■ Work required ■
What's wanted is each entry repeated verbatim, minus its images.

☆ ☆ ☆

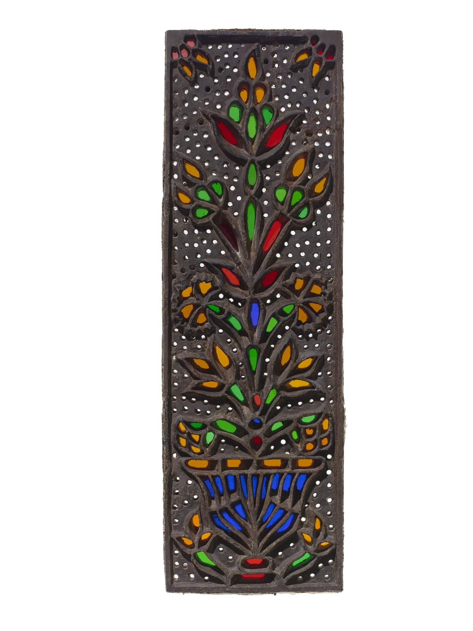 The Louvre window discussed here differs from other windows of the same type because of its elongated shape, which indicates its use as a framing element for a central stucco and glass panel. This explains why, instead of a bouquet of several flowers, only one vertical flower stem in bloom is depicted. An almost identical composition can be found in stucco and glass window OA 7466/9 (IG_9), also held at the Musée du Louvre, which was most probably made at the same workshop. The colours and material properties of the glass and the stucco lattice work – although heavily restored – suggest that the window dates to the late 19th century. This assumption is supported by the results of an analytical study of glass from two stucco and glass windows from the Louvre collection (OA 7466/7, OA 7466/25) conducted by a team from the Musée du Louvre (Fellinger et al., 2022).
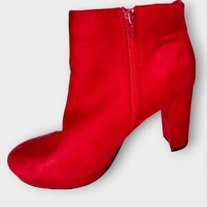 Dream Pairs Womens Boots Sz 9.5 Sianna Red Suede Heels Block Zip Chunky Ankle
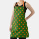 Great color and even though I ordered the kid size, it covers well enough to use during the holidays. I am not a big woman and prefer a shorter apron. I stand 5"6" and the length of the garment goes to mid-thigh. The tie straps fit well at my waist and even though there is no neck strap adjustment, the opening is plenty big enough. I am happy with the size and fit. I am sharing my apron with my 10 year old grandson, too! The color is vibrant and looks good, as shown on the website. The stitching looks strong and reinforced. Photographed is front side and back side of the apron, reinforced straps and coloring. My phone camera may not be the best at showing the details.
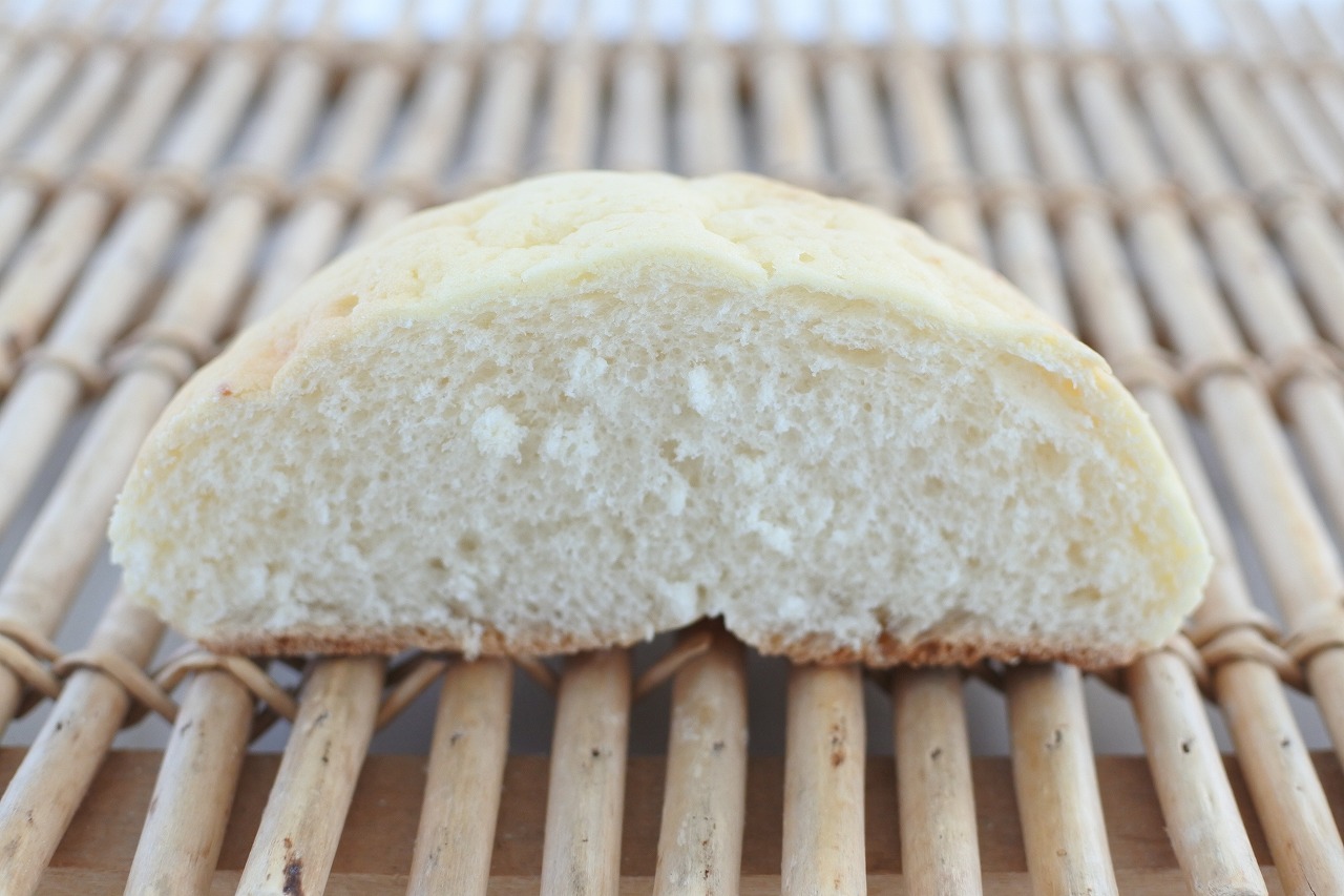 国産小麦の小麦粉を使用したメロンパンです。ビスケット生地に、北海道産メロンの加糖ピューレを練り込みました。
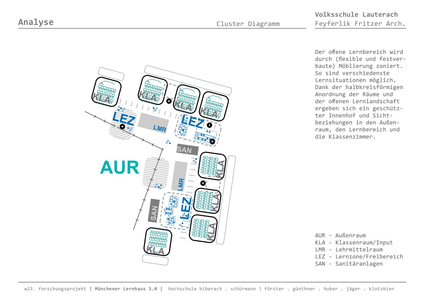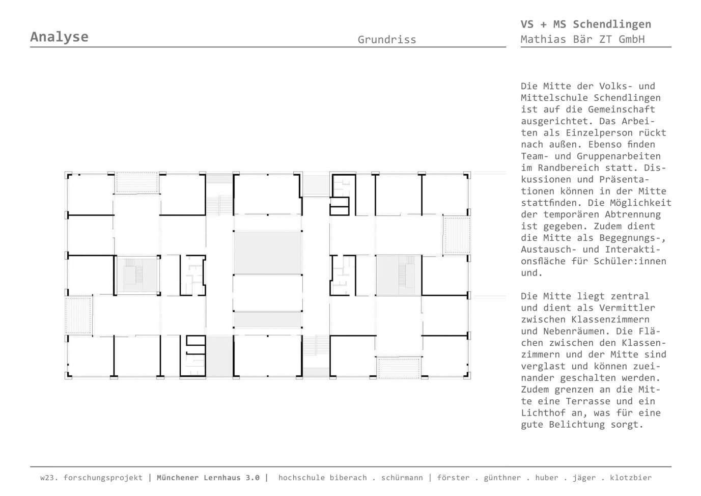Die folgenden Schulen wurden hinsichtlich ihrer „Mitten“, das heißt den Räumen außerhalb der eigentlichen Klassenzimmer analysiert. Es wird sich auf die Mitten unmittelbar zu den Klassenräumen beschränkt. Die Analysen richten sich hauptsächlich nach personenbezogenen und handlungsorientierte Lernsituationen, aber auch räumliche Kriterien wurden betrachtet. Im Rahmen dieser Analyse wurden die zentralen Orte, an denen sich die ganze Schule trifft wie Aula, Mensa usw. außer Acht gelassen.
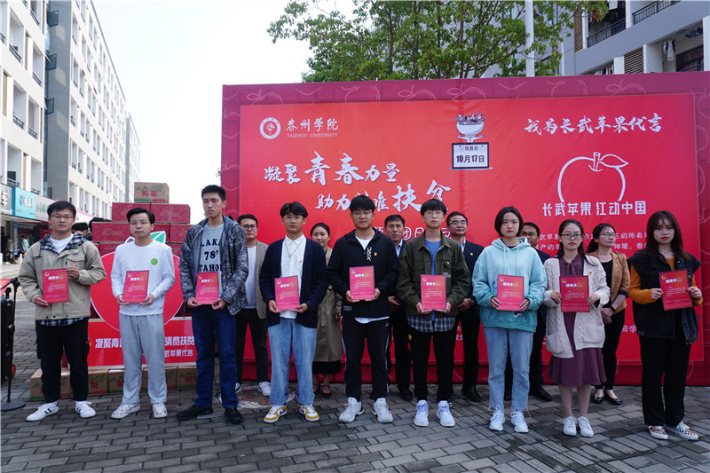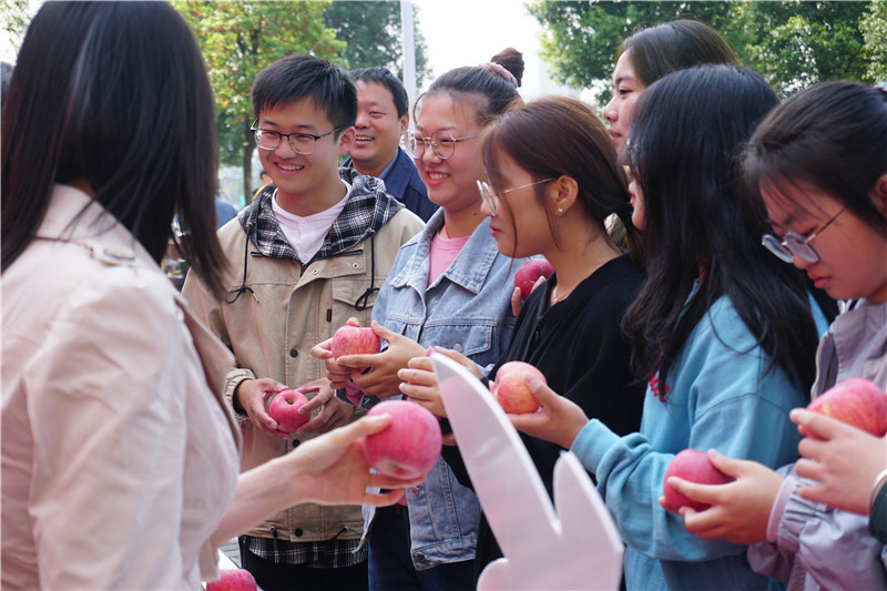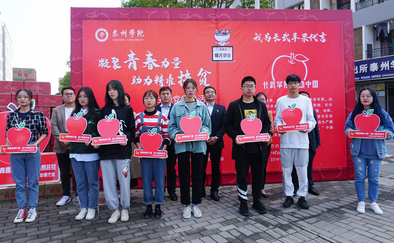 海陵区青年商会听闻本次活动后及时加入到扶贫接力工作中来,他们采用“双扶贫”的形式献爱心,主动认购100箱长武苹果并第一时间转赠予船机学院的家庭经济困难学生。

☆ ☆ ☆

■ Written solution ■
 The Louvre window discussed here differs from other windows of the same type because of its elongated shape, which indicates its use as a framing element for a central stucco and glass panel. This explains why, instead of a bouquet of several flowers, only one vertical flower stem in bloom is depicted. An almost identical composition can be found in stucco and glass window OA 7466/9 (IG_9), also held at the Musée du Louvre, which was most probably made at the same workshop. The colours and material properties of the glass and the stucco lattice work – although heavily restored – suggest that the window dates to the late 19th century. This assumption is supported by the results of an analytical study of glass from two stucco and glass windows from the Louvre collection (OA 7466/7, OA 7466/25) conducted by a team from the Musée du Louvre (Fellinger et al., 2022).
 Dream Pairs Womens Boots Sz 9.5 Sianna Red Suede Heels Block Zip Chunky Ankle
 Great color and even though I ordered the kid size, it covers well enough to use during the holidays. I am not a big woman and prefer a shorter apron. I stand 5"6" and the length of the garment goes to mid-thigh. The tie straps fit well at my waist and even though there is no neck strap adjustment, the opening is plenty big enough. I am happy with the size and fit. I am sharing my apron with my 10 year old grandson, too! The color is vibrant and looks good, as shown on the website. The stitching looks strong and reinforced. Photographed is front side and back side of the apron, reinforced straps and coloring. My phone camera may not be the best at showing the details.
 国産小麦の小麦粉を使用したメロンパンです。ビスケット生地に、北海道産メロンの加糖ピューレを練り込みました。
Die folgenden Schulen wurden hinsichtlich ihrer „Mitten“, das heißt den Räumen außerhalb der eigentlichen Klassenzimmer analysiert. Es wird sich auf die Mitten unmittelbar zu den Klassenräumen beschränkt. Die Analysen richten sich hauptsächlich nach personenbezogenen und handlungsorientierte Lernsituationen, aber auch räumliche Kriterien wurden betrachtet. Im Rahmen dieser Analyse wurden die zentralen Orte, an denen sich die ganze Schule trifft wie Aula, Mensa usw. außer Acht gelassen.
 海陵区青年商会听闻本次活动后及时加入到扶贫接力工作中来,他们采用“双扶贫”的形式献爱心,主动认购100箱长武苹果并第一时间转赠予船机学院的家庭经济困难学生。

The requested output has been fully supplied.